The Day After: Google Stock Down Nearly 4% After Stock Split News

CEO Larry Page did a good soft-shoe routine yesterday explaining the company’s new stock-split scheme amid results that generally beat expectations, but some investors are not buying it. The stock at the moment is trading nearly four percent down (around $23) at the time of writing.

Part of this could be to do with classic investing behavior: investors were hungrier for the stock before results in anticipation of good news and that drove up the price. Just before the results the stock had a five-day high of $651 per share. Now they are trading at around $627.

But the other main thing seems to be that stock split. Citi analyst Mark Mahaney (via Investors Business Daily) noted that it’s not that investors are disappointed with the stock-splitting scheme, but that just many hadn’t expected it. In the Founders’ Letter also out yesterday, Page had referred to investors supporting the scheme.

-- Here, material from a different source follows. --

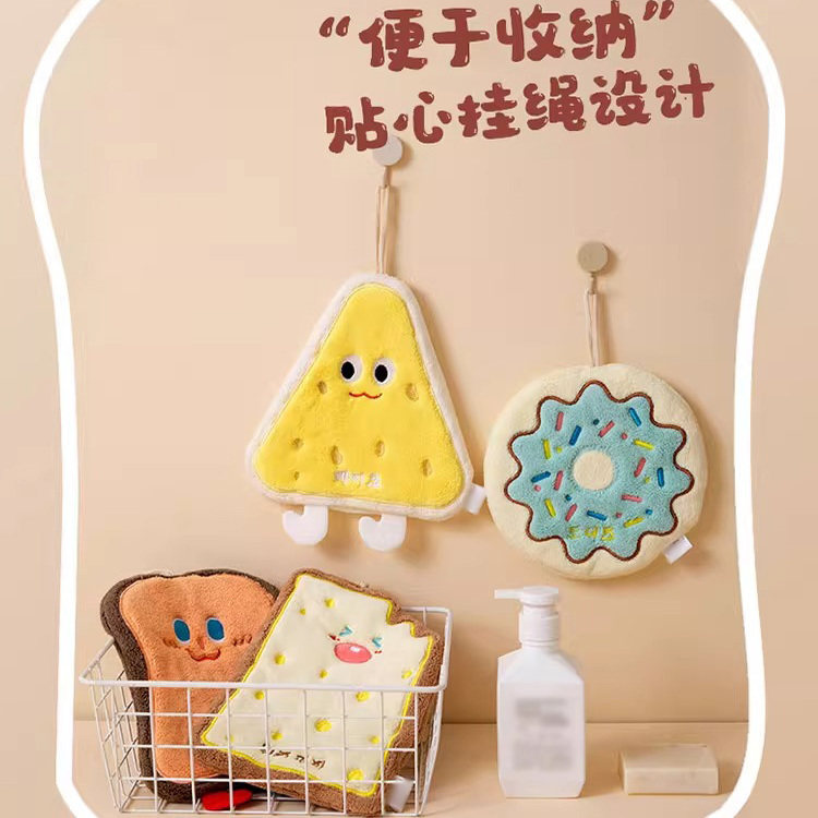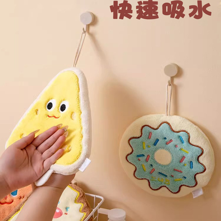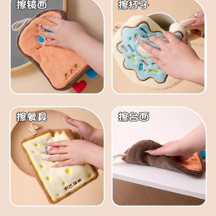 可爱擦手巾厨房挂式毛巾擦手卫生间吸水三层加厚抹布家用儿童手帕

Google’s first-quarter results beat expectations, with revenues of $10.65 billion for the first quarter. Minus traffic acquisition costs, Google pulled in $8.14 billion in revenue compared to expectations of revenue of $8.1 billion (minus traffic acquisition costs).

In overall strong earnings , it however had a few declines: in the U.S., its single biggest market, sales were actually down quarter-on-quarter. They were $4,874 million, compared to $4,980 million in Q4 2011. Revenues in the UK and the rest of the world, the other two regions broken out by the company, were both up on last quarter. All showed year-on-year growth.

Google+, its new social effort, now has 170 million users, and yesterday Page said it was showing “impressive engagement” but a question asked during the Q&A, about why it was investing so much into Google+, seems to point to analysts and the investors who listen to them are perhaps not yet convinced about this latest effort, either.